◆ Problem requirements ◆
Please reproduce the records exactly, leaving out any pictures.

◆ Excerpted records ◆
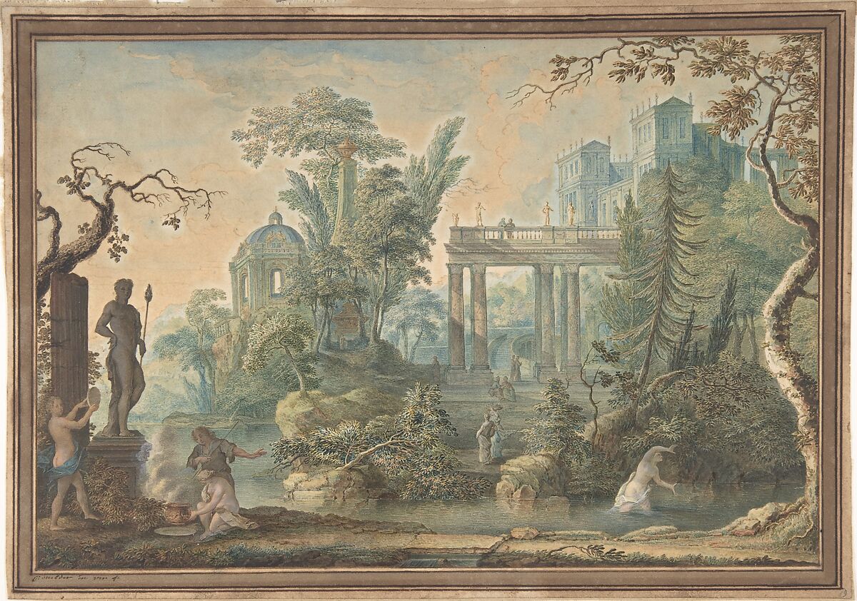 - Title: Arcadian Landscape with several Figures and a Statue of Apollo
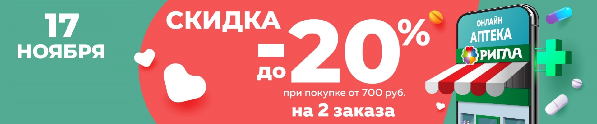 Акция проводится 17 ноября 2021 г. в аптеках бренда «Ригла» и на сайте www.rigla.ru и в мобильном приложении «Аптека Ригла» на территории Республики Карелия.
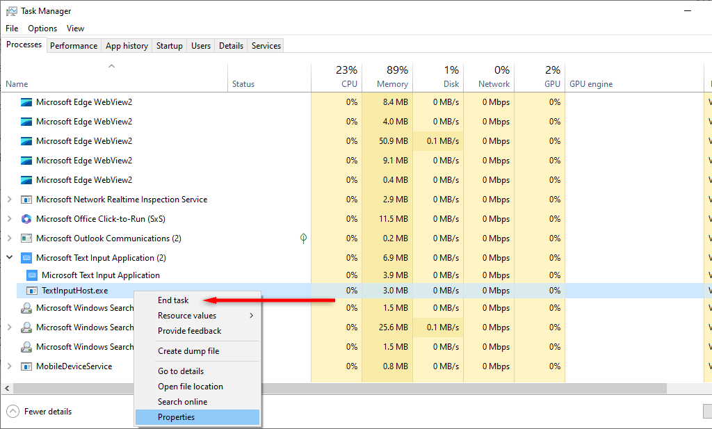 - * Open the Task Manager then right-click the TextInputHost.exe process.
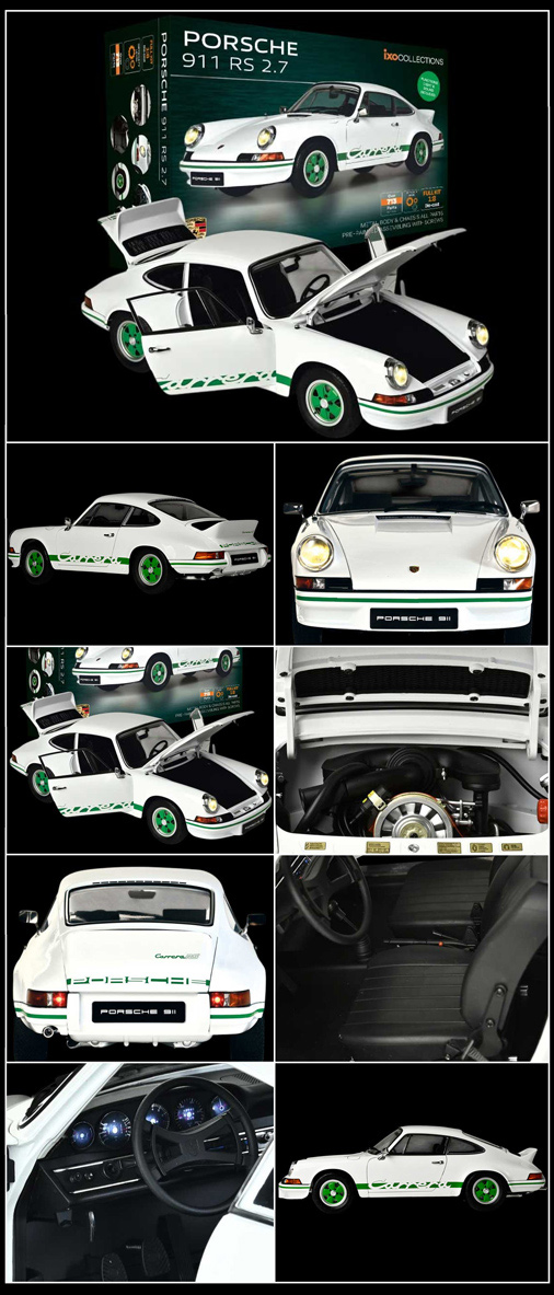 Kit Porsche 911 Carrera RS 2.7 1973 Kit à monter soi-même comprenant 713 pièces - Notice de montage illustrée incluse Portes, capot et coffre ouvrants - Phares fonctionnels - Sons réalistes du moteur et du klaxon Intérieur identique au réel vous permettant de replonger au coeur de la course Assemblage par vis sans colle pour une finition des plus parfaite Blanc Grand-Prix / Bandes Vertes 1/8 - Ixo Models 899,95 € TTC / Incl. Taxes
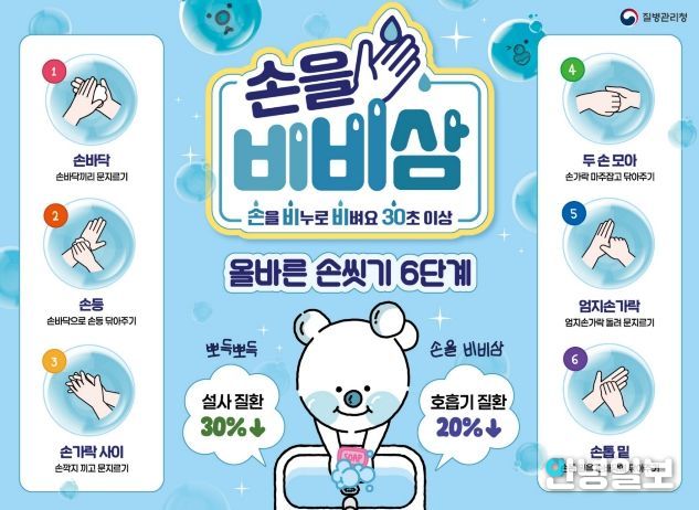올바른 손 씻기는 감염병 예방을 위한 가장 쉽고 효과적인 방법으로, 흐르는 물에 비누로 30초 이상 손을 씻으면 최근 유행 중인 인플루엔자와 노로바이러스 등 장관감염증과 호흡기 감염병 예방에 큰 효과가 있다.
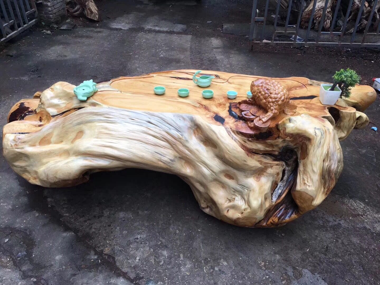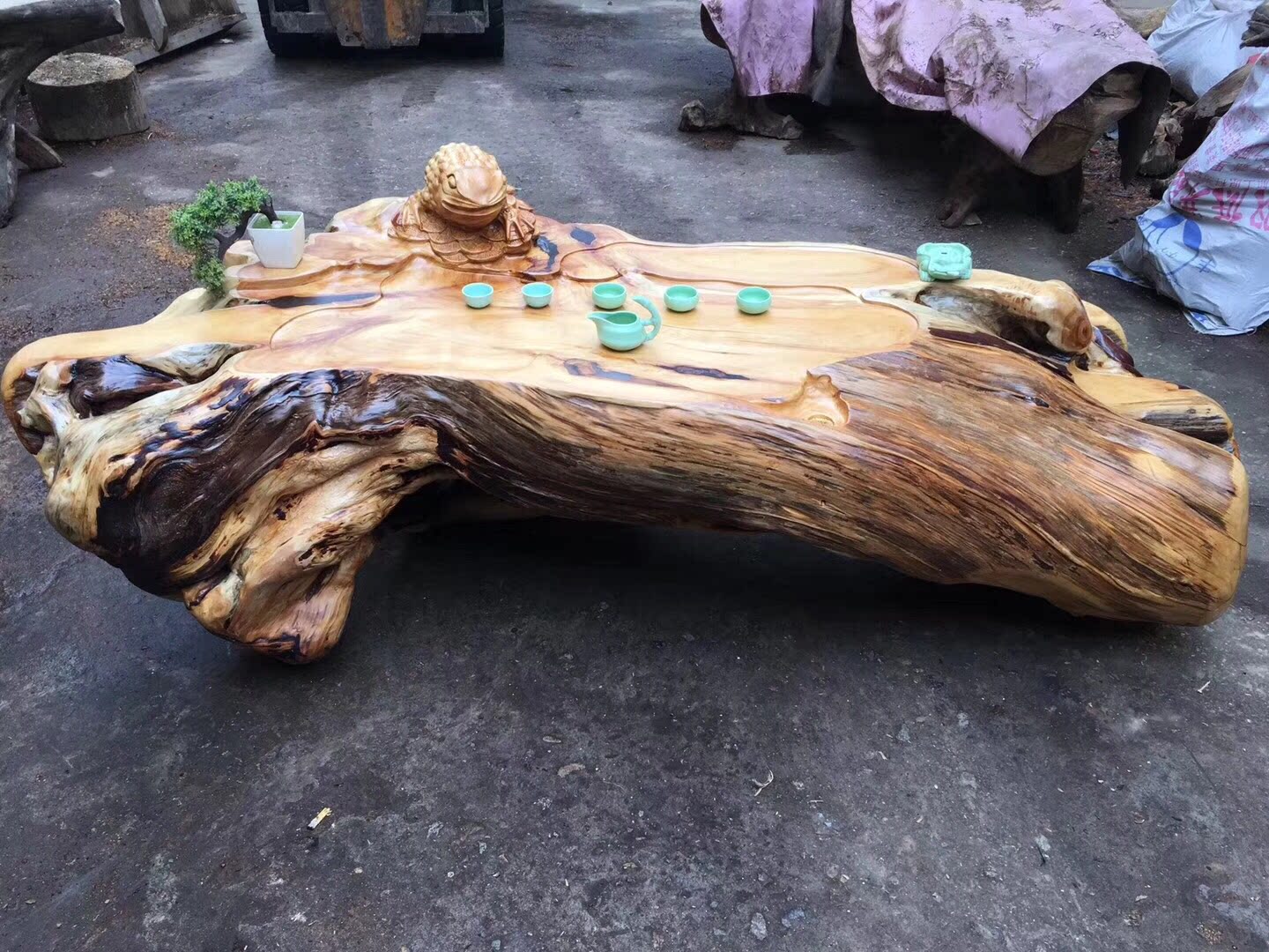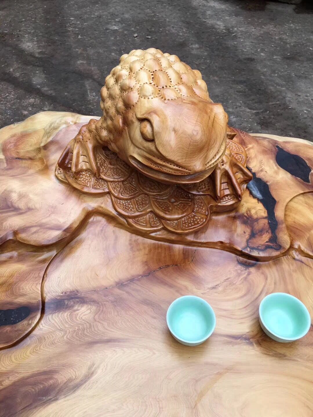 Root Carving Root Art Tea Table Golden Toad With Forcliff Cypress Double Coloring Material Golden Silk Water Ripple Without Picking Up Root Hugs Weighs 900 Kilos
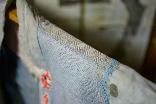 “背守り”とは、子どもの健やかな成長を願い、 悪いものが背中から入らないようにと刺されていたお守りの刺繍。
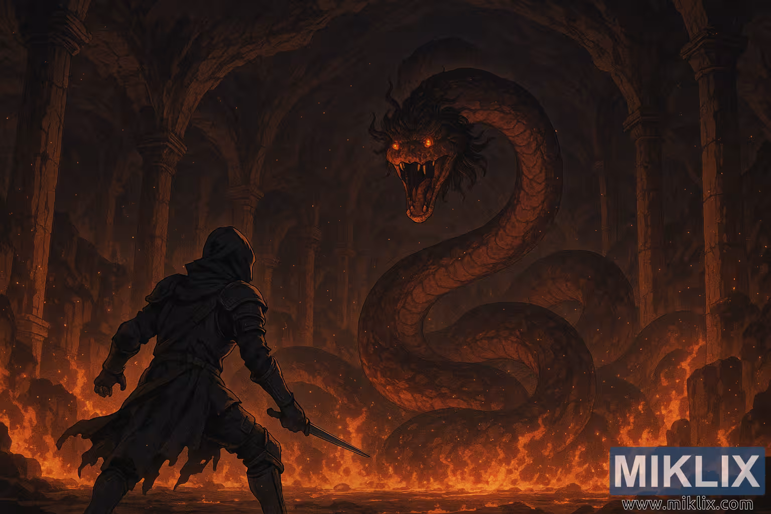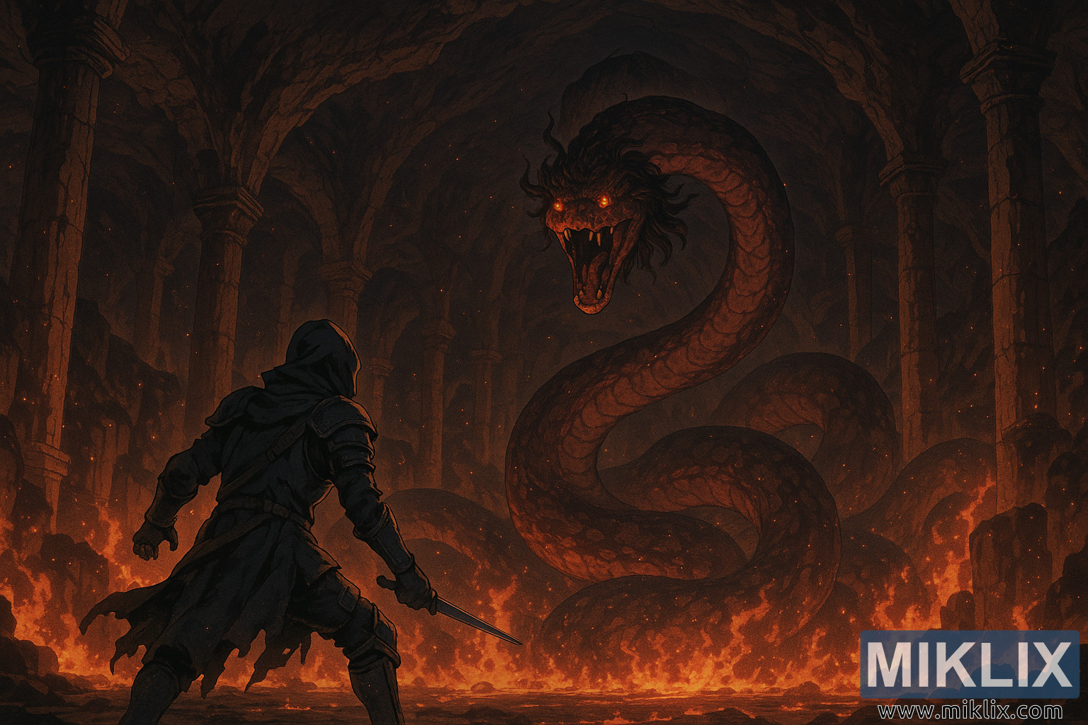 'n Versierde anime-styl illustrasie van 'n Gesmolten kryger wat 'n kolossale slang in 'n ontsaglike vulkaniese grot konfronteer, omraam deur toringhoë pilare en riviere van vuur.
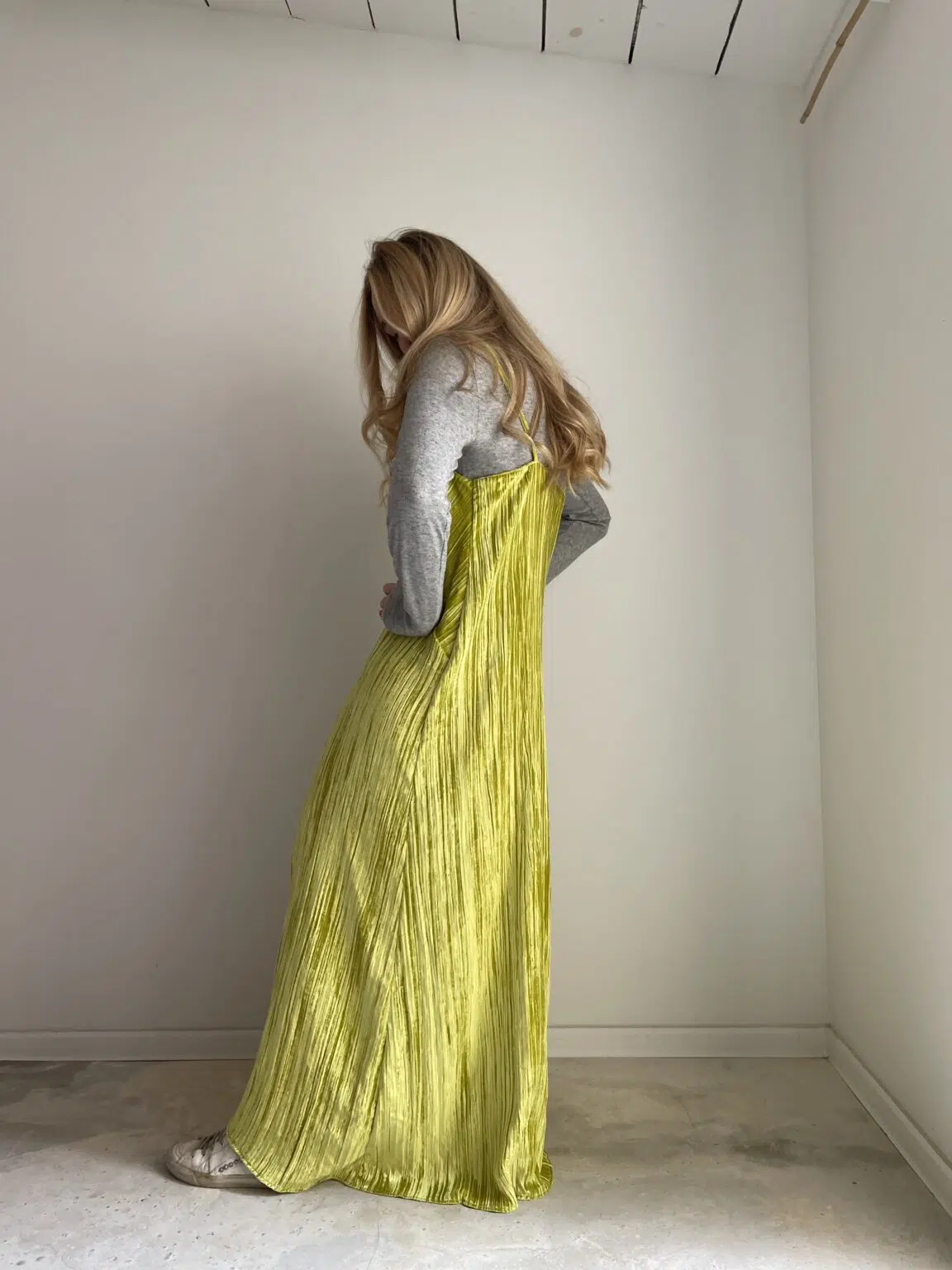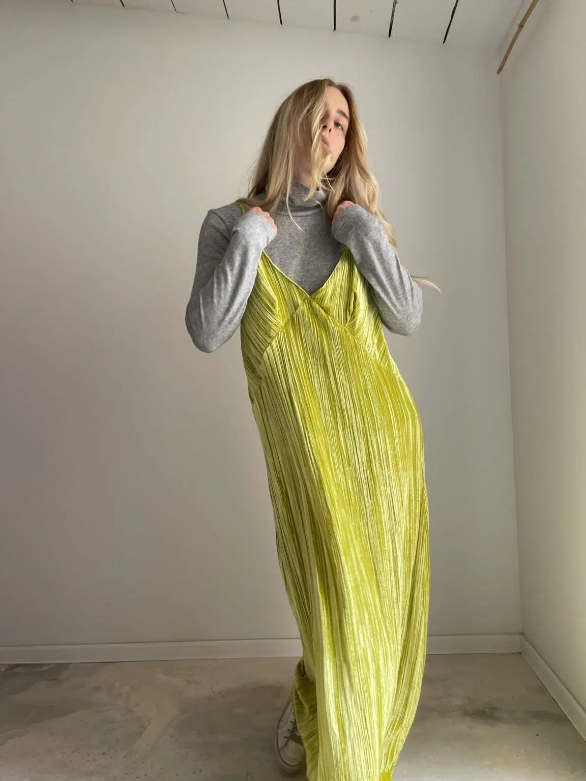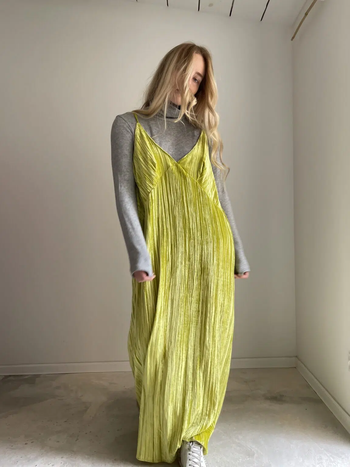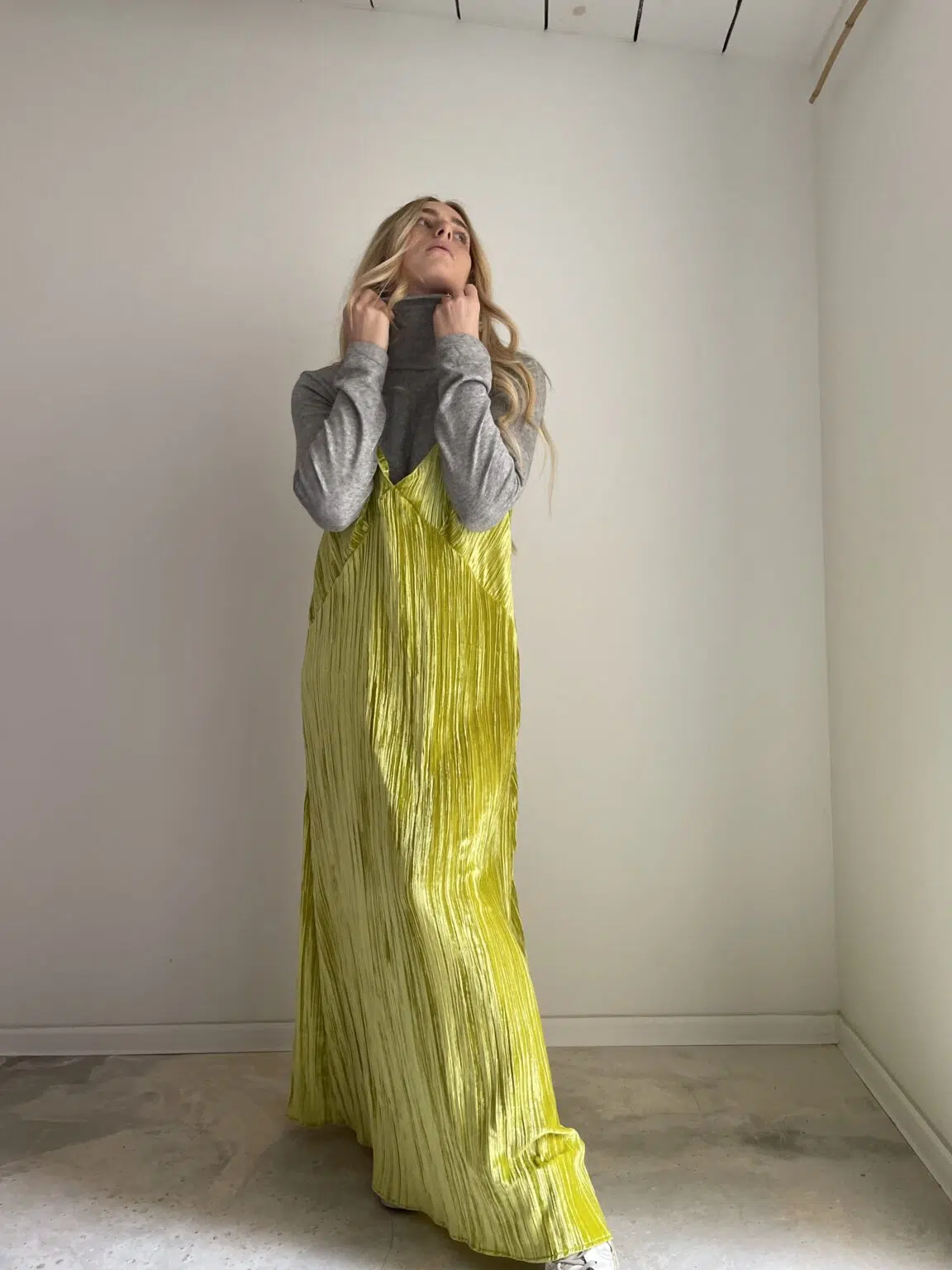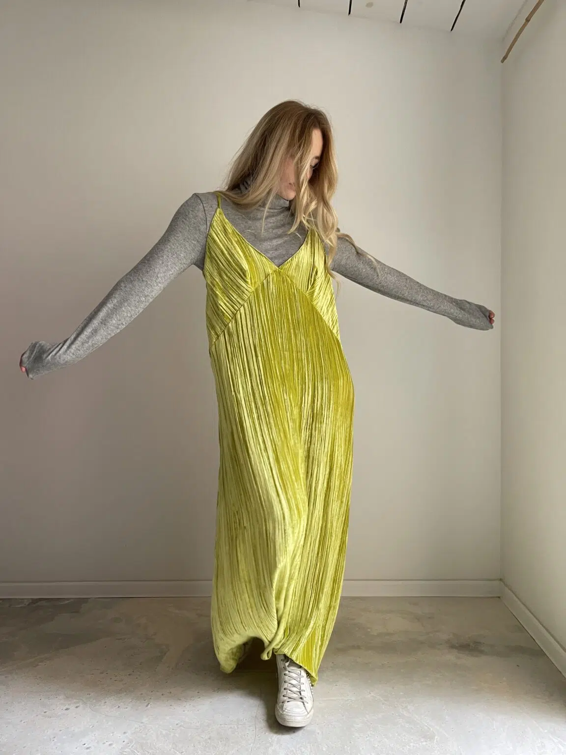 Robe longue, dans une panne de velours vert anis, bretelles, décolletée. Édition très limitée !

◆ Written solution ◆
 - Title: Arcadian Landscape with several Figures and a Statue of Apollo
 Акция проводится 17 ноября 2021 г. в аптеках бренда «Ригла» и на сайте www.rigla.ru и в мобильном приложении «Аптека Ригла» на территории Республики Карелия.
 - * Open the Task Manager then right-click the TextInputHost.exe process.
 Kit Porsche 911 Carrera RS 2.7 1973 Kit à monter soi-même comprenant 713 pièces - Notice de montage illustrée incluse Portes, capot et coffre ouvrants - Phares fonctionnels - Sons réalistes du moteur et du klaxon Intérieur identique au réel vous permettant de replonger au coeur de la course Assemblage par vis sans colle pour une finition des plus parfaite Blanc Grand-Prix / Bandes Vertes 1/8 - Ixo Models 899,95 € TTC / Incl. Taxes
올바른 손 씻기는 감염병 예방을 위한 가장 쉽고 효과적인 방법으로, 흐르는 물에 비누로 30초 이상 손을 씻으면 최근 유행 중인 인플루엔자와 노로바이러스 등 장관감염증과 호흡기 감염병 예방에 큰 효과가 있다.
 Root Carving Root Art Tea Table Golden Toad With Forcliff Cypress Double Coloring Material Golden Silk Water Ripple Without Picking Up Root Hugs Weighs 900 Kilos
 “背守り”とは、子どもの健やかな成長を願い、 悪いものが背中から入らないようにと刺されていたお守りの刺繍。
 'n Versierde anime-styl illustrasie van 'n Gesmolten kryger wat 'n kolossale slang in 'n ontsaglike vulkaniese grot konfronteer, omraam deur toringhoë pilare en riviere van vuur.
 Robe longue, dans une panne de velours vert anis, bretelles, décolletée. Édition très limitée !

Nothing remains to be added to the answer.